In practice, the feature to delete a message after reading or viewing it sits between the current ephemeral messages and the “view once” mode. It’s not exactly the same as sending a photo, video, or audio that can only be opened once. It’s a more flexible way to control how long a message remains visible after being consulted. The idea is useful for conversations containing sensitive information, specific data, codes, addresses, phone numbers, private reminders, or messages that shouldn’t be stored in the chat history for days. Essentially, it’s an option already available in other apps like Telegram.

It’s also important that the feature will be optional. It will not be activated by default nor will it automatically modify existing chats. Users will have to enable it manually, and it can be applied per chat, allowing it to be used in specific conversations without changing the behavior of all WhatsApp chats. The novelty reinforces WhatsApp’s strategy of adding layers of privacy without overly complicating the user experience. In recent years, the app has introduced ephemeral messages, chat locking, view-once content, and restrictions to prevent captures of certain types of content. WhatsApp reminds users in its help center that “view once” messages cannot be forwarded, shared, or copied, and recipients cannot take screenshots or screen recordings of that content from within the app.

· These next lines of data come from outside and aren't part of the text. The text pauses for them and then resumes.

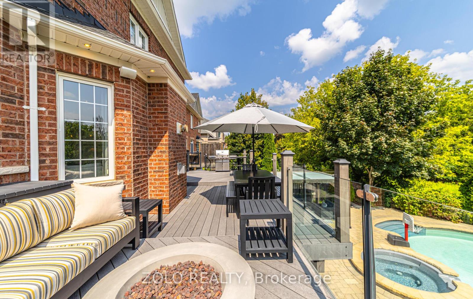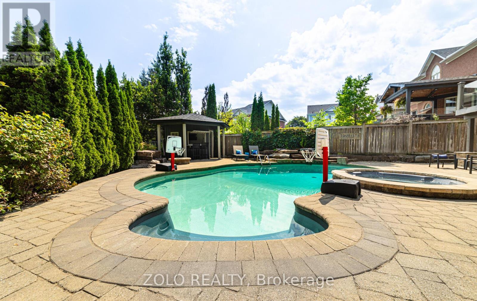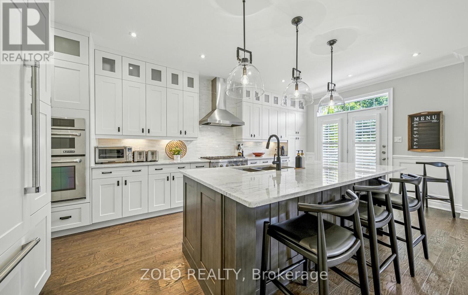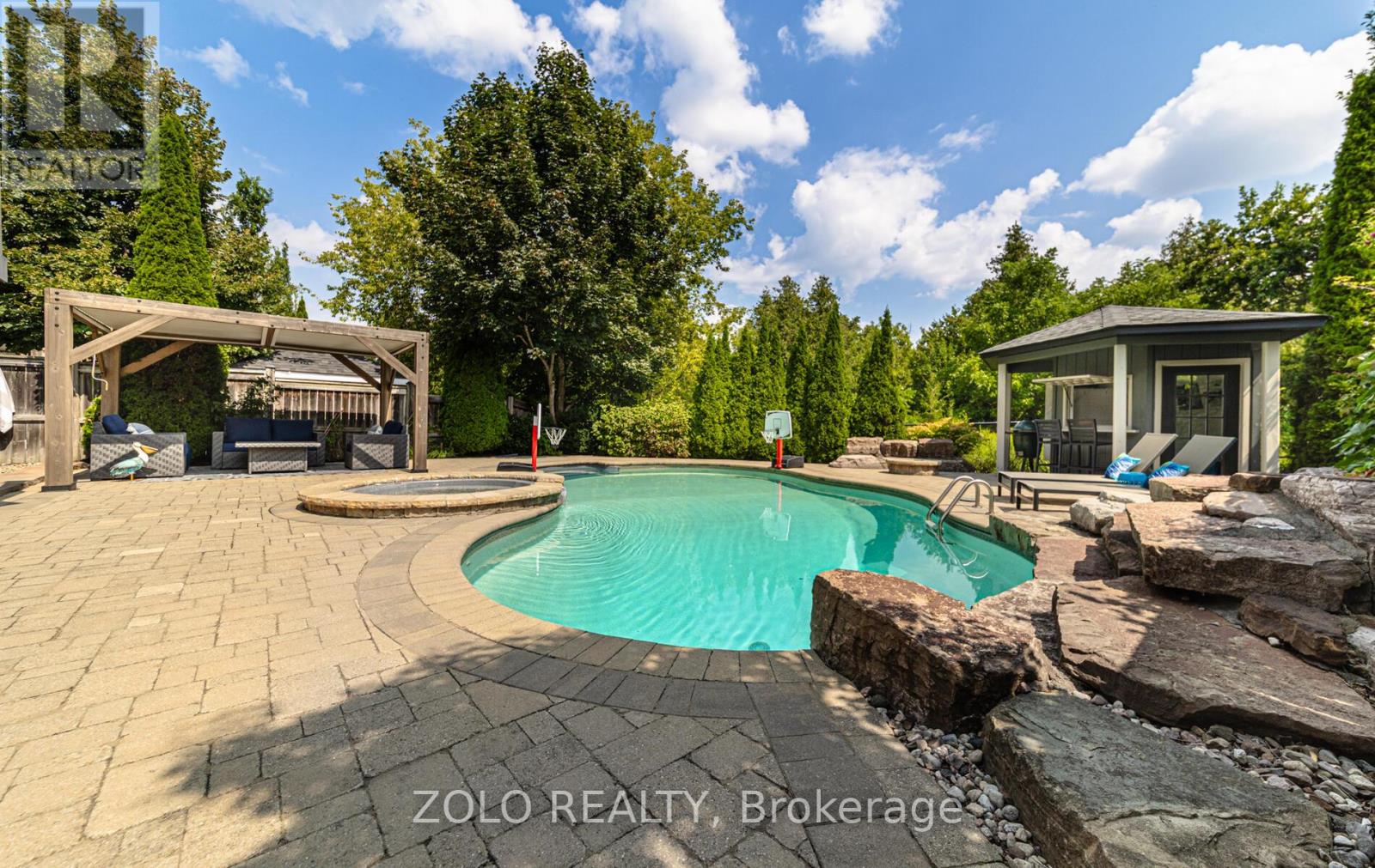 Set on one of Brooklin's most coveted streets, this exceptional Southampton Model Queensgate home offers over 4,000 sq. ft. of professionally designed & decorated luxury living space. Situated on a 50 ft lot backing onto greenspace, this home delivers both sophistication & serenity. The attention to detail is evident from soaring ceilings & rich hardwood flooring throughout to designer lighting & in-ceiling speakers that set the tone for effortless elegance. At the heart of the home lies the entertainers kitchen, outfitted with high-end appliances incl. a Jenn-Air fridge, wall oven, microwave, & Thermador cooktop. This culinary haven seamlessly opens to the oversized great room w/ gas fireplace, all overlooking the breathtaking ravine backdrop & walks out to custom Trex deck overlooking the Backyard Oasis. In addition to a separate Living & Dining Room, the main floor also features a home office (also ideal as a childrens playroom), a mudroom/laundry room w/access to a recently renovated garage. Upstairs, the primary suite is a true retreat, with tranquil ravine views, his-and-hers walk-in closets, & a spa-inspired 5-piece ensuite. Bedroom 2 enjoys its own 3-piece ensuite and walk-in closet, while bedrooms 3 & 4 share a spacious 4-piece Jack & Jill bath each with its own walk-in closet. The finished walk-out basement extends the homes entertainment space, a sprawling rec room w/built-in cabinetry, a wet bar & beverage fridge, plus an open games area ideal for hosting family gatherings or poolside celebrations. Step outside to your private backyard oasis, complete w/16 x 32 kidney-shaped in-ground pool, hot tub, pool cabana w/electrical, propane fire pit & extensive landscaping. All of this is within walking distance to top-rated schools & moments from downtown Brooklin, golf courses, the 407, shops, dining & more. Luxury. Privacy. Location. This is more than a home its a lifestyle. (41688080)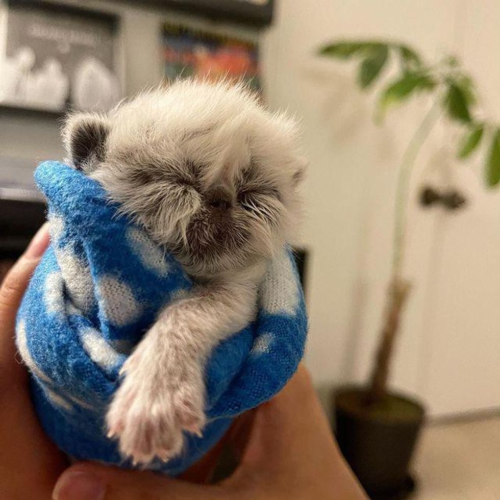 After every feeding, the pint-sized wonder enjoys some palm cuddling with his human before he rejoins his faux mama for some intense snuggles. With proper care, good food, and dedication from his foster family, the little guy is starting to thrive.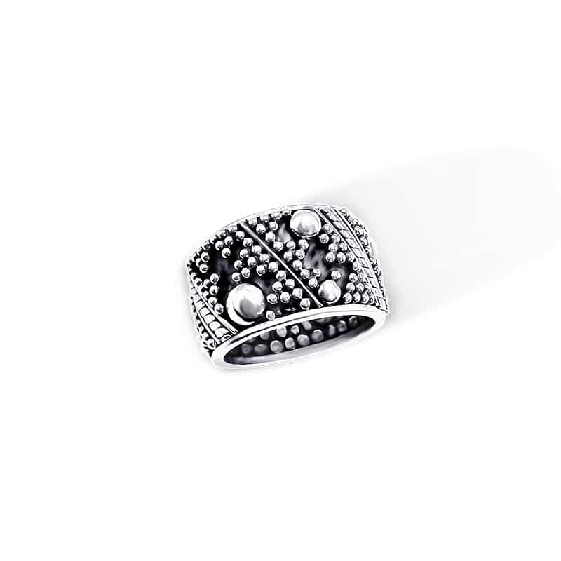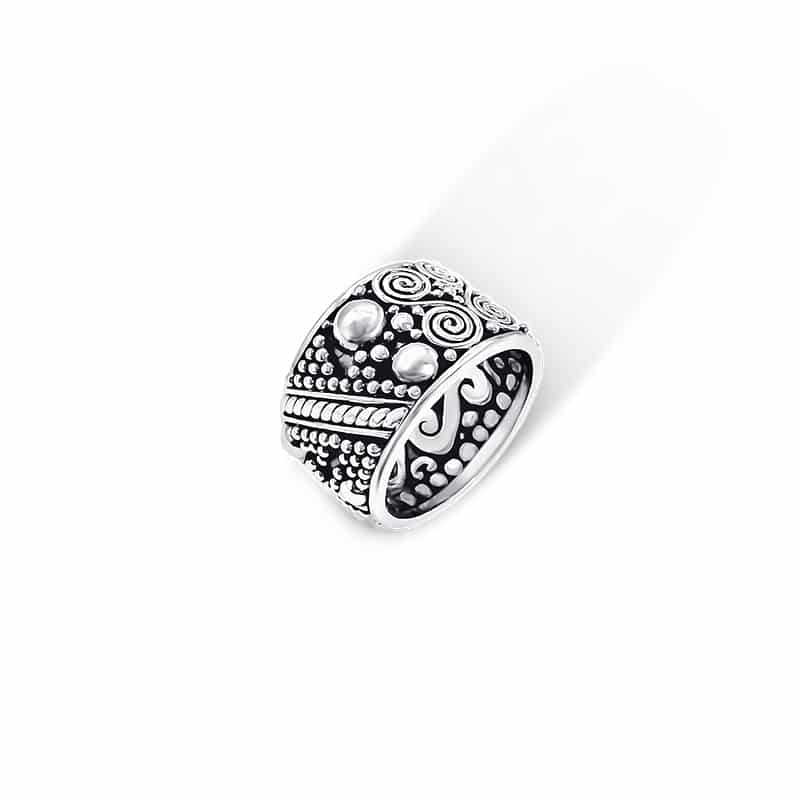 In Bali, the jewelry is elaborated in smaller sizes. Designs with a hundred different patterns are composed. Being specialists in applying little spheres and fine wires by hand, these silver and gold rings became classics among Balinese jewelry.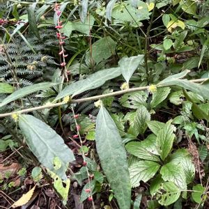 「シュウブンソウ(秋文草)」 茎は途中から横に伸び、大きな葉っぱとちっちゃな花の姿が独特だと思う。 本州(宮城県以南)から沖縄の山地に生える。 2022.10.15撮影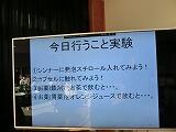 ・ オレンジジュースに重曹(重曹が胃薬に含まれている製品有り)を混ぜると、泡があふれ出そうになる様子を見て、「薬は、水で飲みます。」と答えてくれました。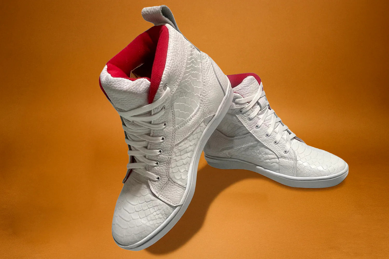 Piel grabada pitón, forro rojo y suela signature. Hechos en México para conquistar la jungla urbana.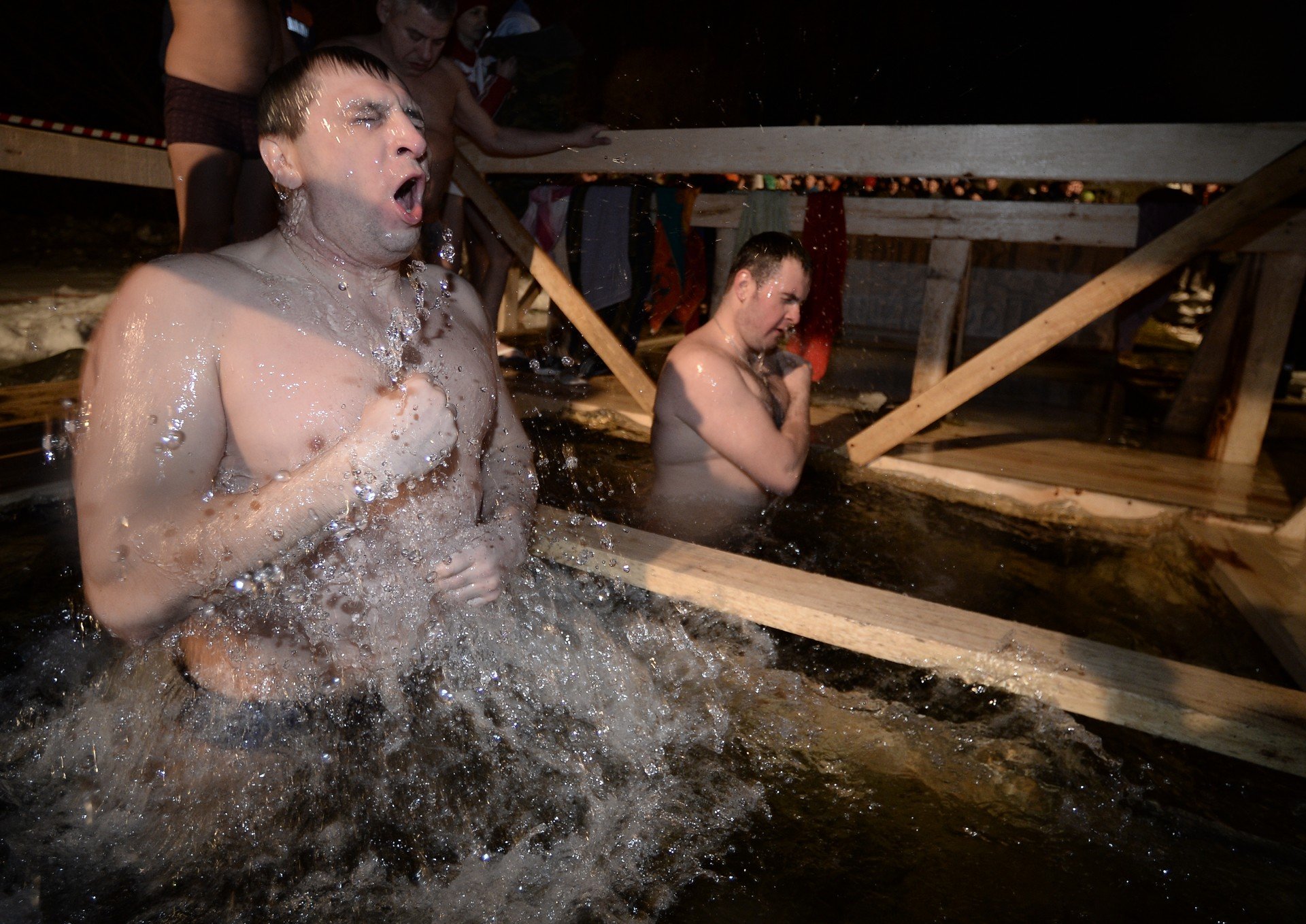 La fiesta del Bautismo del Señor, una de las principales del calendario de la Iglesia ortodoxa rusa, se celebra cada diecinueve de enero. Pese al frío, los fieles se bañan en baptisterios y albercas según la antigua tradición que se extendió en Rusia desde la adopción del cristianismo. Sacerdotes y fieles se dirigen a ríos, lagos y otras fuentes de agua en donde de antemano se ha abierto en el hielo un agujero en forma de cruz.

Nevertheless, it’s worth noting that this feature should not be considered an absolute guarantee of privacy. Disappearing messages reduce the permanence of content within the chat but do not prevent all external copying methods, such as photographing the screen with another device. Therefore, rather than an infallible solution, this option should be understood as a practical improvement to limit the digital footprint of conversations and give users more control over how long their messages survive. For example, in very specific cases where you want to share account details or any other sensitive information.